MALAYSIA: Petrol station dealers in Malaysia can be fined up to RM1 million (S$305,000) or up to three years in jail if they sell subsidised fuel to foreigners. Foreigners, however, are quick to capitalize on this as they will face no punishment even though they would get caught.
Frustrated by the unfairness of the current system, where they face heavy penalties while foreign buyers go unpunished, petrol station dealers are urging the government to introduce laws that specifically penalise foreigners who purchase subsidised RON95 fuel. They argue that without legal consequences for the buyers, the problem will persist, as foreigners will continue to take advantage of the loophole.

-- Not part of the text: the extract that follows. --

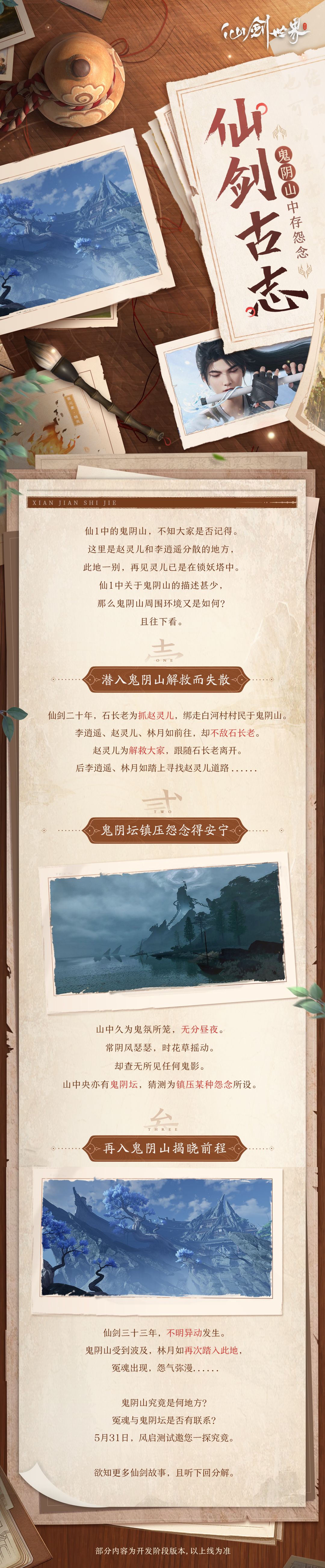 预约+关注+在评论区书写你对「鬼阴山」的初印象即可!小仙将在评论区随机揪5位仙友送出「风启测试」资格、另抽取两位幸运仙友送出仙剑精美周边。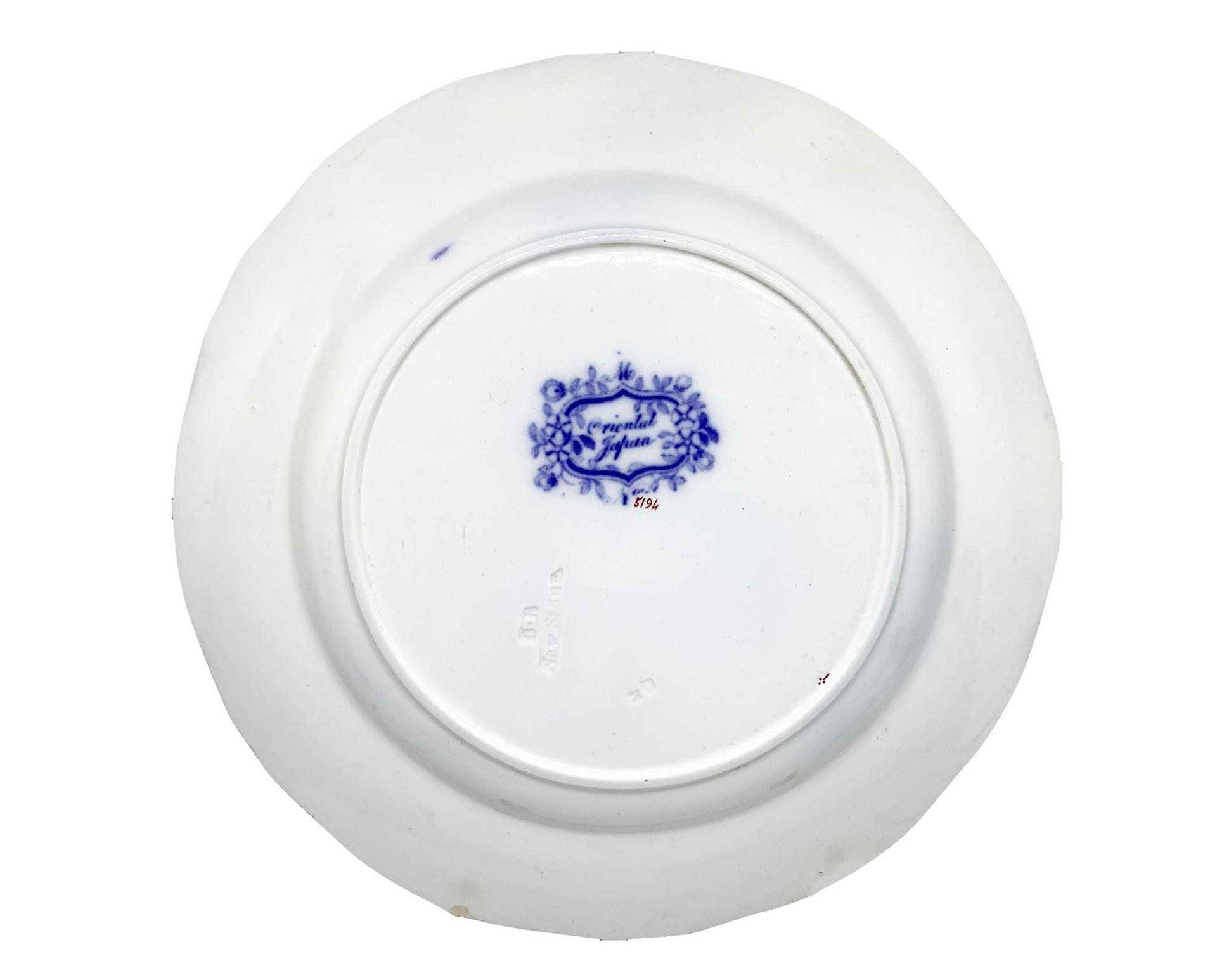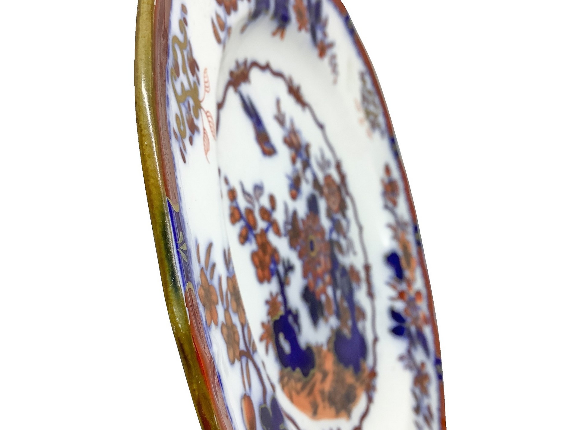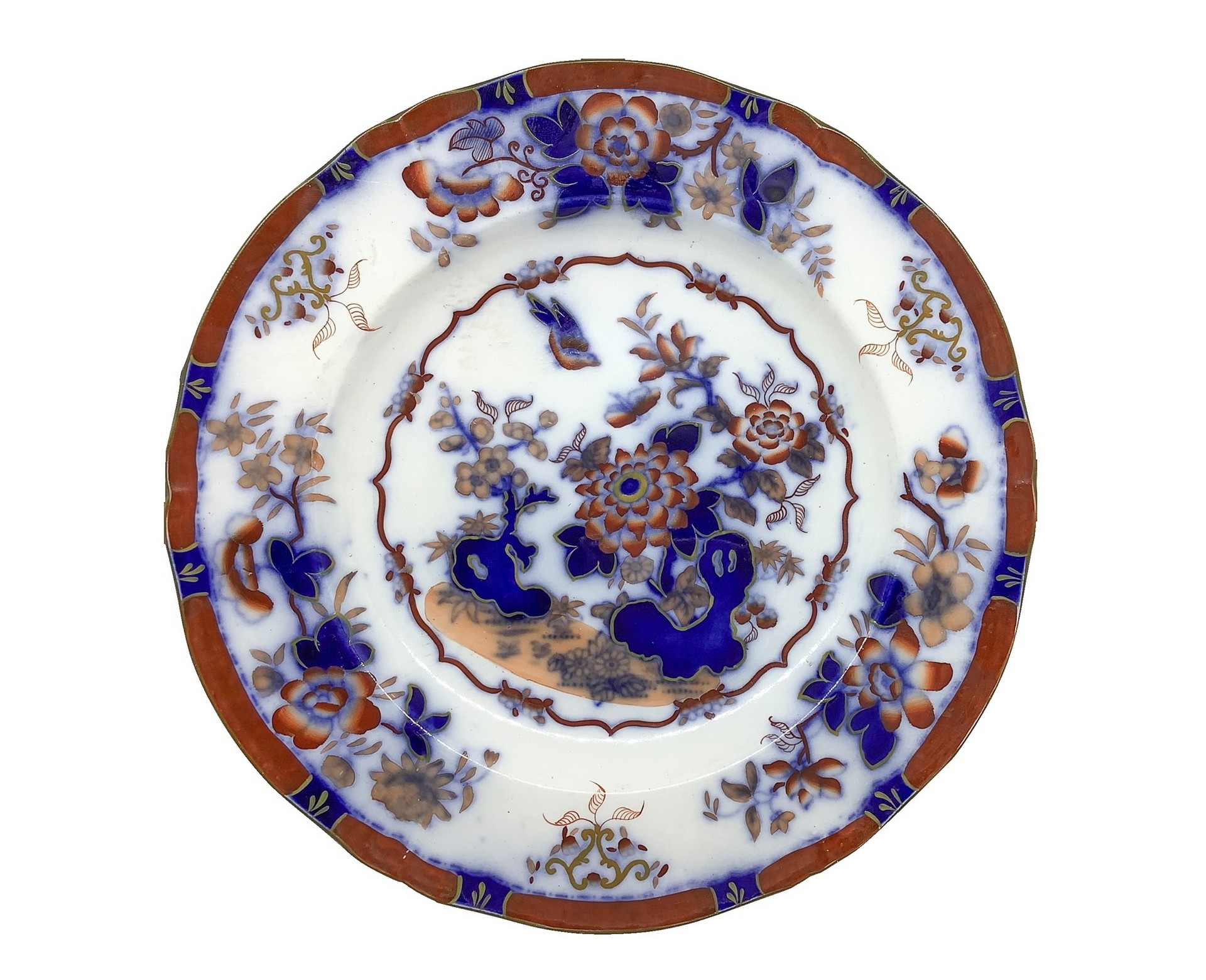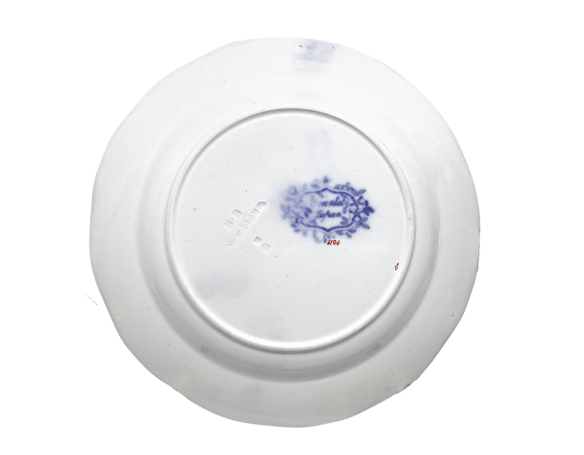 Tre piatti Oriental Japan con decorazioni floreali cinesi in blu e marrone su sfondo bianco, 20° secolo 2 D cm. 23 e 1 cm. 17 Porcellana policroma

Holding offenders accountable
Dealers believe that shifting the responsibility to the actual offenders, rather than punishing petrol stations, would create a fairer and more effective enforcement system. Petrol Dealers Association of Malaysia (PDAM), through the communication and media secretary Gordon Lim, called for the government to make it illegal for foreign vehicles to buy subsidised RON95 fuel and hold these violators accountable.
He explained that it is difficult for petrol dealers to monitor all customers, especially when foreign cars use pumps at the far end of stations and pay quickly with credit cards. “It is unfair to penalise petrol station dealers. The dealers do not want to sell RON95 to foreigners. The profit margin in such transactions is minimal, so it’s not practical or worthwhile to break the law,” said Lim in an article published in MSN Malaysia.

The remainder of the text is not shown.